Hamianin returned to Ukraine to work as a consultant for the Ukrainian parliament in October 2007. He returned to the Foreign Affairs Ministry in November 2010, becoming the head of its Far Eastern department. On 3 August 2011, Hamianin was appointed radnik-poslannik (deputy ambassador) at the Ukrainian Embassy in Beijing. After ambassador Yurii Kostenko was recalled on 12 September 2012, Hamianin was appointed as chargé d'affaires and held this post until 1 September 2013 when a permanent ambassador took office. He returned once more to parliamentary consultancy in 2017, advising the Rada's speaker on foreign affairs until 2019 when he once more returned to the Foreign Affairs ministry.
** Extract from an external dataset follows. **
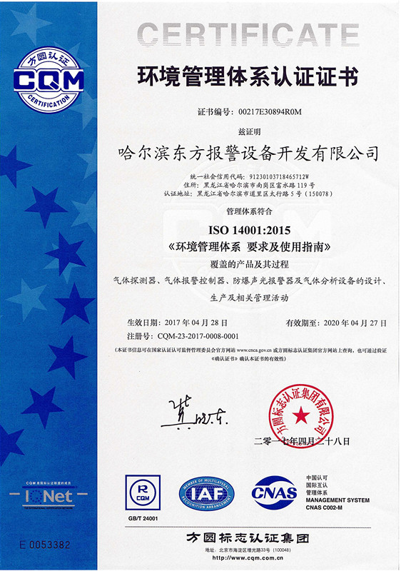 熱烈祝賀東方報警榮獲“環境管理體系認證證書”

At the ministry, he was promoted as deputy director of the 4th regional department, covering Central Asia, South Asia, East Asia, Southeast Asia, Australia, and Oceania.

Ambassador to Indonesia 
On 30 July 2021, President Volodymyr Zelenskyy appointed Hamianin as Ukrainian Ambassador to Indonesia, replacing Volodymyr Pakhil who had been removed in 2020. Hamianin presented his credentials to President of Indonesia Joko Widodo on 25 October 2021. In mid-December 2021, Hamianin visited the Ukrainian community in Bali to introduce himself.

Shortly following the Russian invasion on 24 February, Hamianin appeared on virtual press conferences and on Indonesian media outlets, calling for Indonesia to condemn Russian actions. He also called for the Indonesian Islamic community to condemn the war, including with a visit to Nahdlatul Ulama chairman Yahya Cholil Staquf. In August 2022, he was warned by the Indonesian Ministry of Foreign Affairs for his tweet criticizing Indonesia's position of condemning Israeli attacks in Gaza while not condemning the Russian invasion.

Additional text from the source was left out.